Loan forgiveness to benefit many here, students rejoice

PNW students are celebrating President Joe Biden’s announced student loan forgiveness program – though some wish he’d gone farther.

“The federal government should forgive all student loans,” said senior Elizabeth Pucher, a Mathematics major. “The expected income for most degrees makes it too difficult to pay off student loans, at least within a reasonable amount of time.
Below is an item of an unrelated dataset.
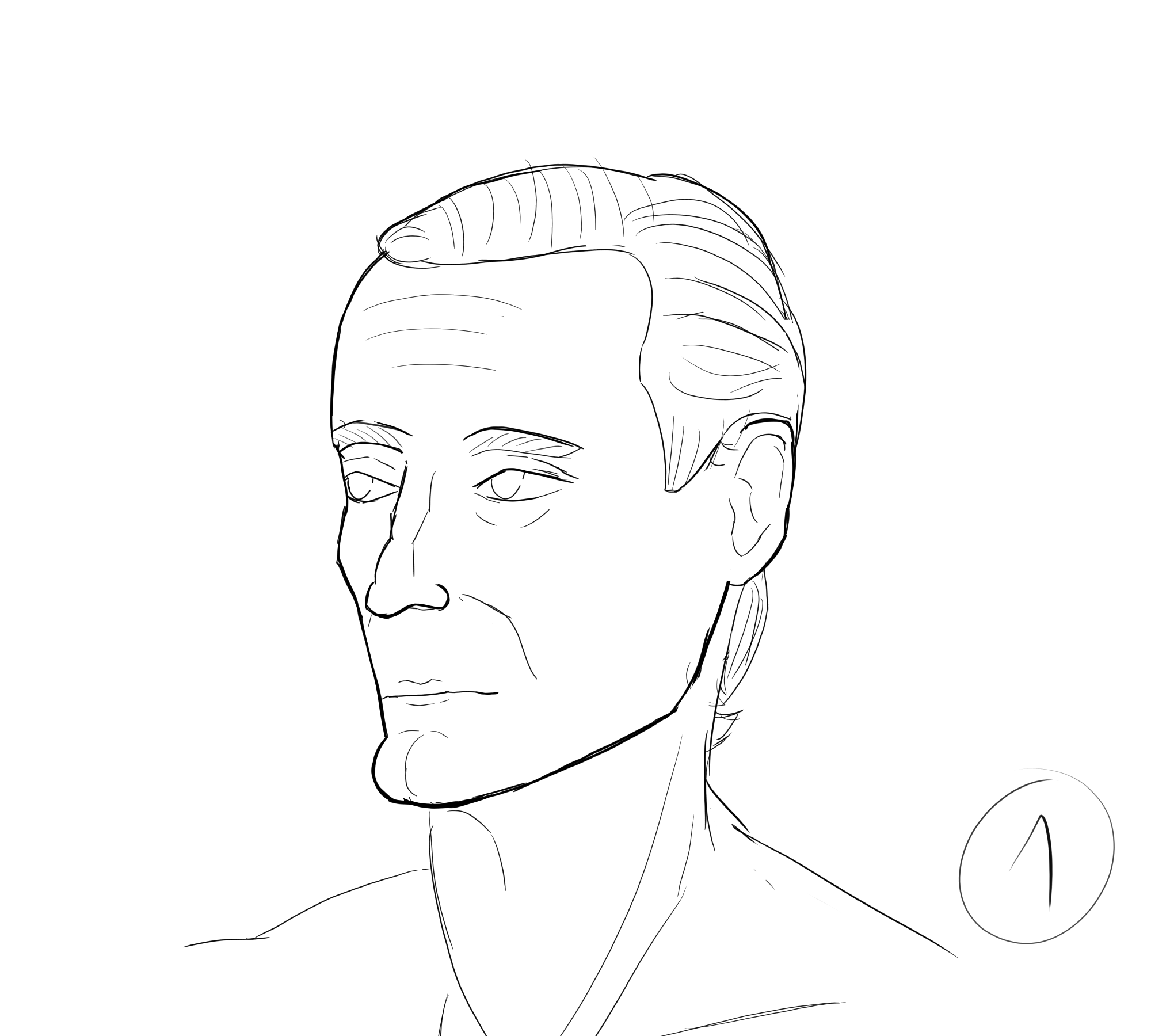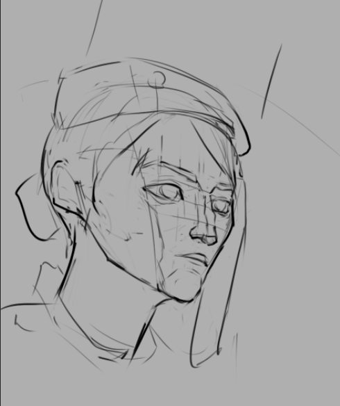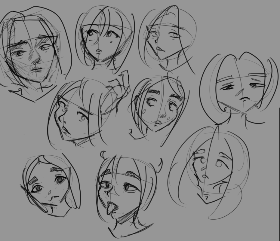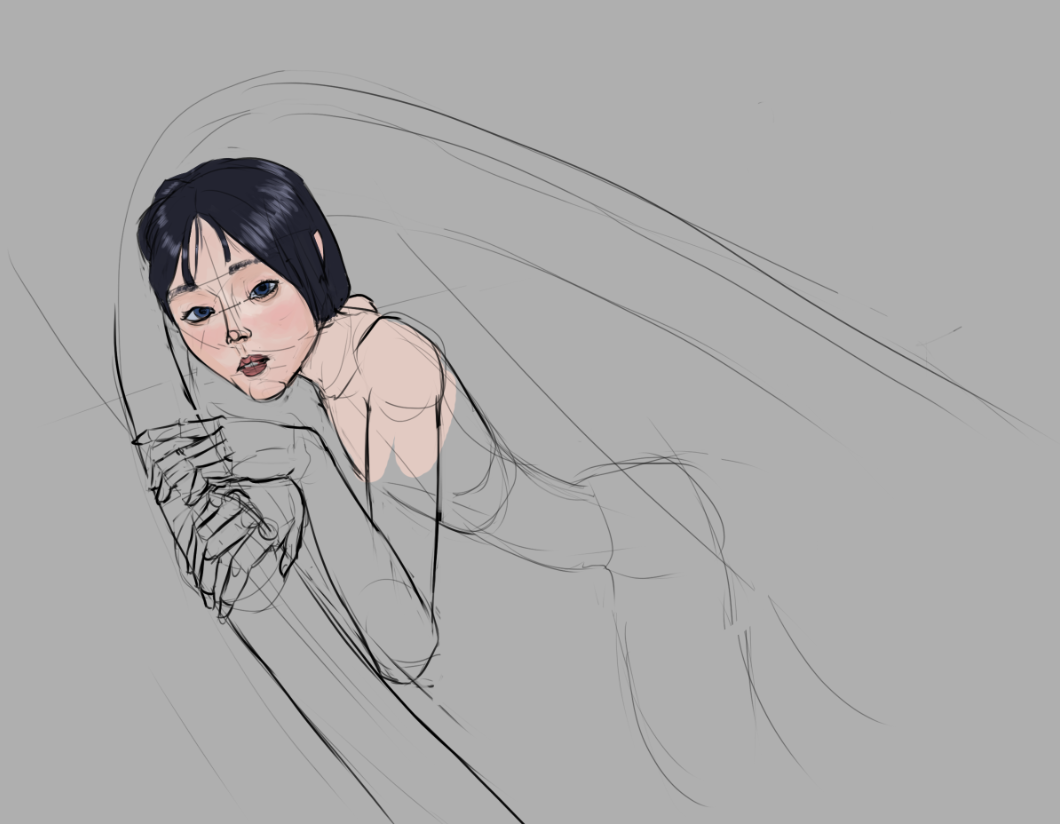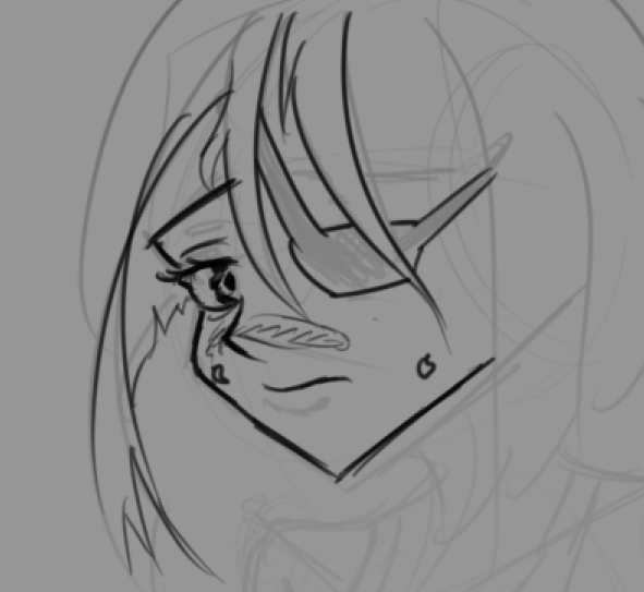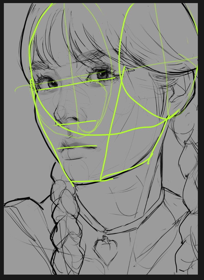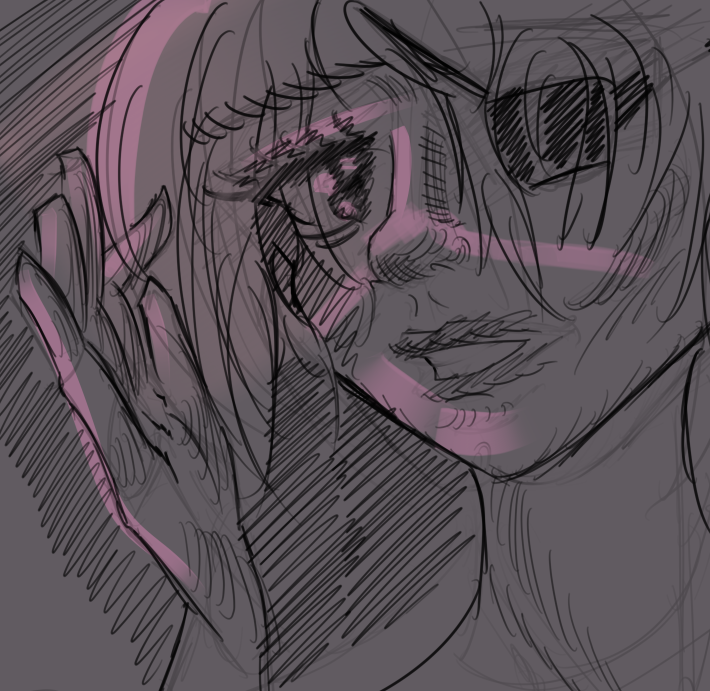Отчитывается анон с челленджем. День 2. Нашел время и сегодня порисовать в диджитале. Сделал набросок под интересным углом. По задумке она должна была удивится смотря чуть выше. Сразу учитывал перспективу, линии и помнил что волосы должны быть объёмнее. Вроде делал по пропорциям и учитывал плоскость черепа и тд. На выходе получился какой-то пиздец с лопатой вместо лица. Подумал что можно это исправить уменьшив челюсть. Пришлось еще и с кругами немного покопаться.

People shouldn’t have to choose between student loan payments and necessities.”

Freshman Andrew Yankovich agreed.

“They should forgive all loans completely,” he said. “It’s frustrating and unfortunate to have to pay so much of your family savings to get the education needed to thrive in today’s world.” 

Junior Milo Jones agreed the government should pardon more student debt – a lot of it.
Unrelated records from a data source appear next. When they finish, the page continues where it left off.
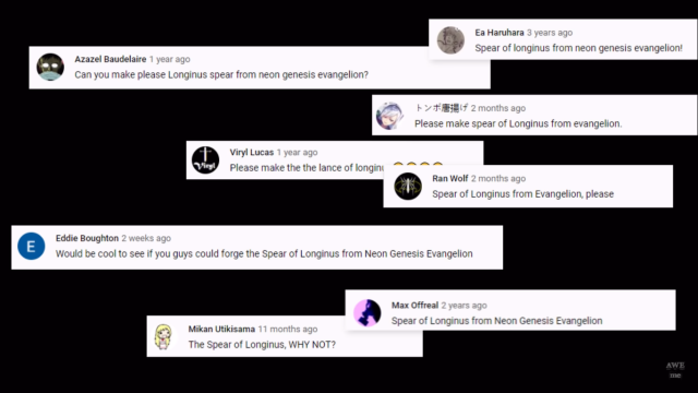 「MAN AT ARMS」團隊(取自中世紀盔甲戰騎)是一群熱衷還原冷兵器的狂人,主要在影片中拍攝他們為致敬電影、動漫,並打造代表性武器的過程,而這次他們在全世界粉絲許願下玩成《新世紀福音戰士》中能夠刺穿AT力場絕對領域,突破心之壁的破防武器「朗基努斯之槍」。
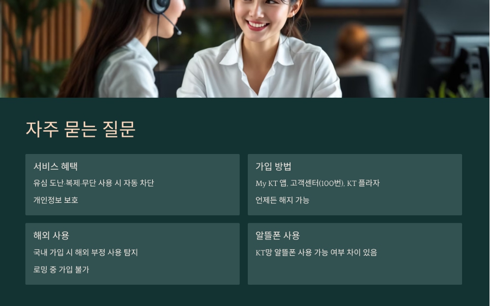KT 유심보호 서비스는 가입만 해두어도 큰 보안 위협을 막아주는 필수 기능입니다. 지금 바로 My KT 앱을 실행하거나 100번으로 전화해 유심보호 서비스를 등록하세요. 해외 출국 전이라면 미리 가입해 두는 것이 안전합니다.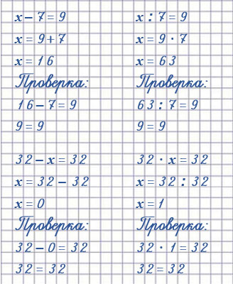 | х - 7 = 9 | 32 - х = 32 | 62 + х = 62 |
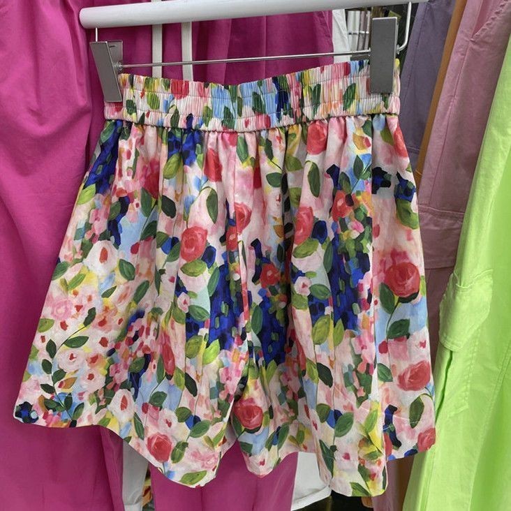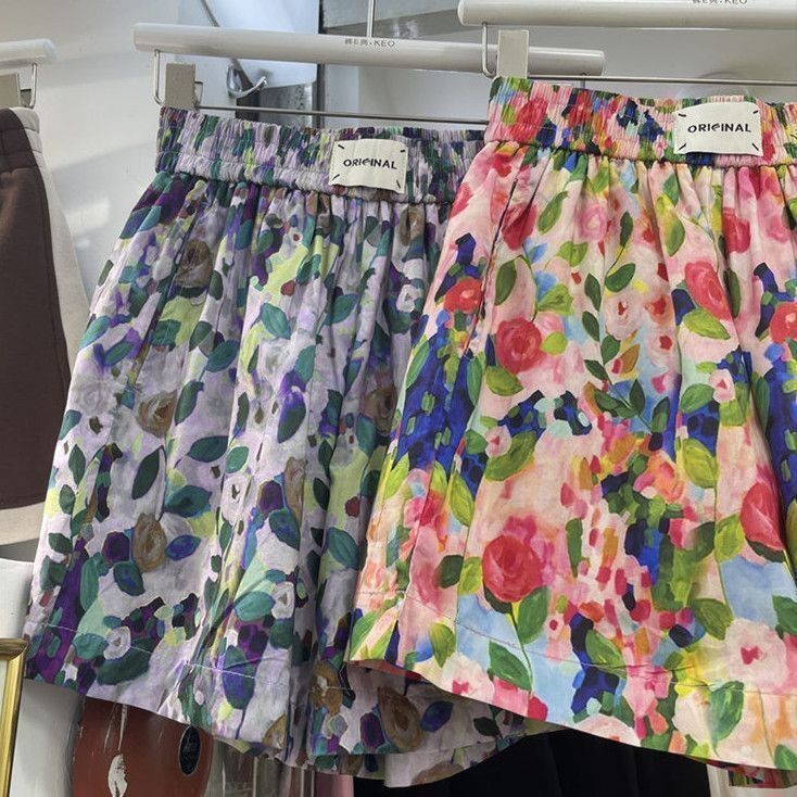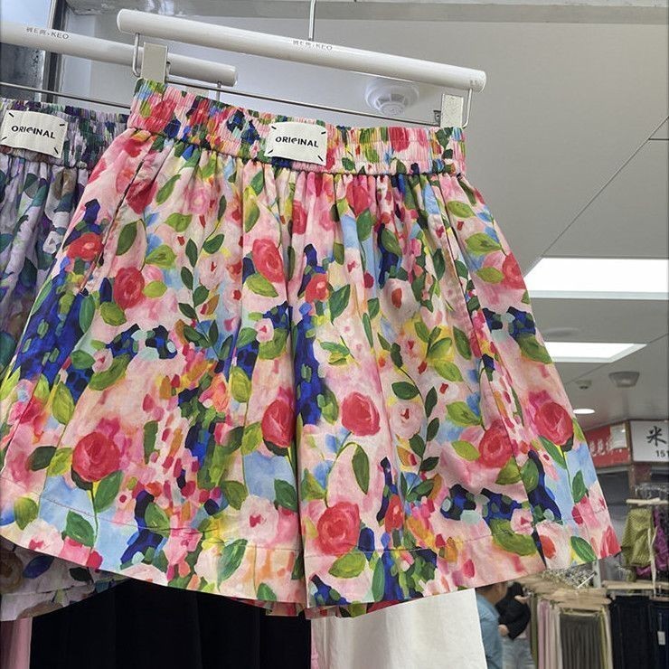 หยิบใส่ตะกร้า2024 หลวมที่มีสีสันดอกไม้กางเกงขาสั้นผู้หญิงรุ่นเอวสูงสบายๆอเนกประสงค์กางเกงขากว้างผู้หญิง2024宽松彩色碎花休闲裤女版高短裤女百搭女♣5.16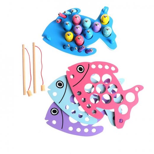В набор входит: 10 магнитных рыбок, 2 удочки, 8 магнитных червячков.
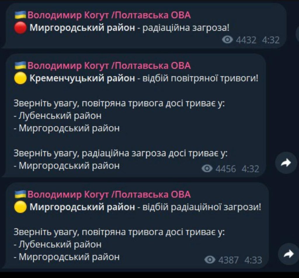 В Полтавской области Украины во время воздушной тревоги власти распространили предупреждение о радиационной опасности.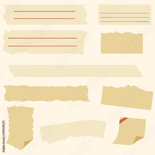 A set of torn strips of paper for notes or a notebook on a light background. A torn sheet, the edge of a scrapbook, or an empty illustration on a banner. For the design of social networks.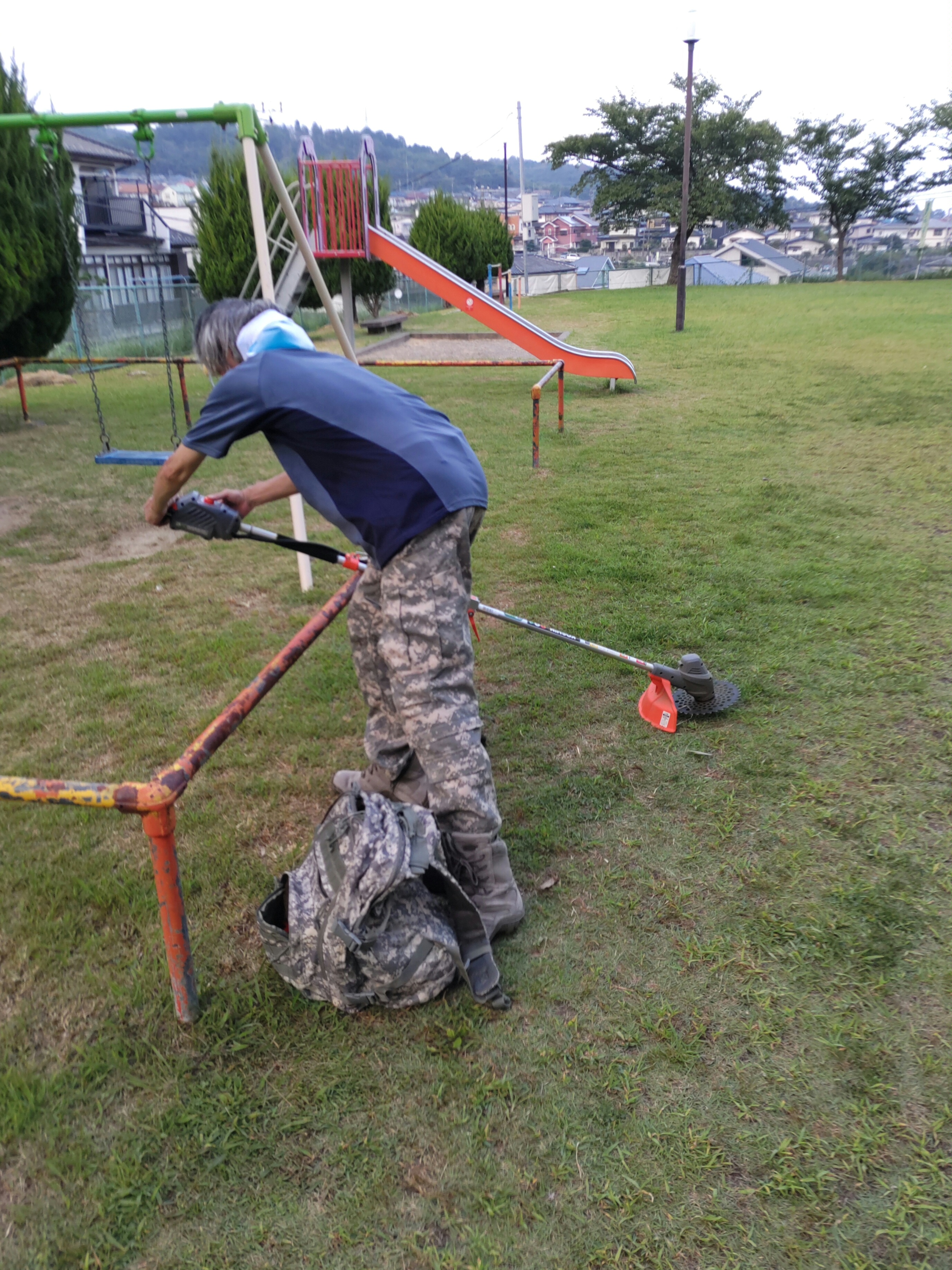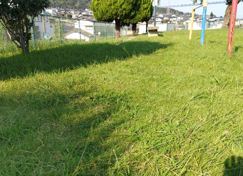 ・感想;ゴルフ場みたいにきれいになった。このような公園の肩掛け式は金属刃より、ロープ式がむらなくきれいに刈れる。

“Yes, I believe our federal government should forgive student loan debt,” said the Psychology major. “Our federal government should be able to forgive at least $75,000 worth of debt from students across the country.” 

In August, Biden announced the U.S. Department of Education will cancel up to $20,000 in federal student loan debt to Pell Grant recipients, and up to $10,000 to non-Pell Grant recipients. To qualify, borrowers cannot earn more than $125,000 a year.

The PNW Office of Financial Aid reports that 36.3% of students last year qualified for Pell Grants. 

Student loan debt is a significant problem. Federal data indicates that 45 million people have amassed about $1.6 trillion in student loan debt. About 53% of borrowers – 23.9 million people – owe $20,000 or less.

Sophomore Simone Crossley, a Cybersecurity major said that debt is a barrier to ongoing education. 

“Student loan debt is one of the main reasons why a lot of people do not further their education outside of high school,” she said. “The federal government should 100% forgive student loans.” 

Though some people have been critical of the loan forgiveness announcement, freshman Adrian Guerrero, a Biological Science major, said it should help young people get ahead.

“Without a bachelor’s degree, you most likely won’t be able to provide for yourself and others financially,” he said. “In today’s world, unfortunately, it’s crucially important to make as much as you possibly can, but also do something that you love for an occupation.” 

Phoebe Rogers, a sophomore who estimates that she owes $20,000, said student loans are just an unfortunate part of getting an education.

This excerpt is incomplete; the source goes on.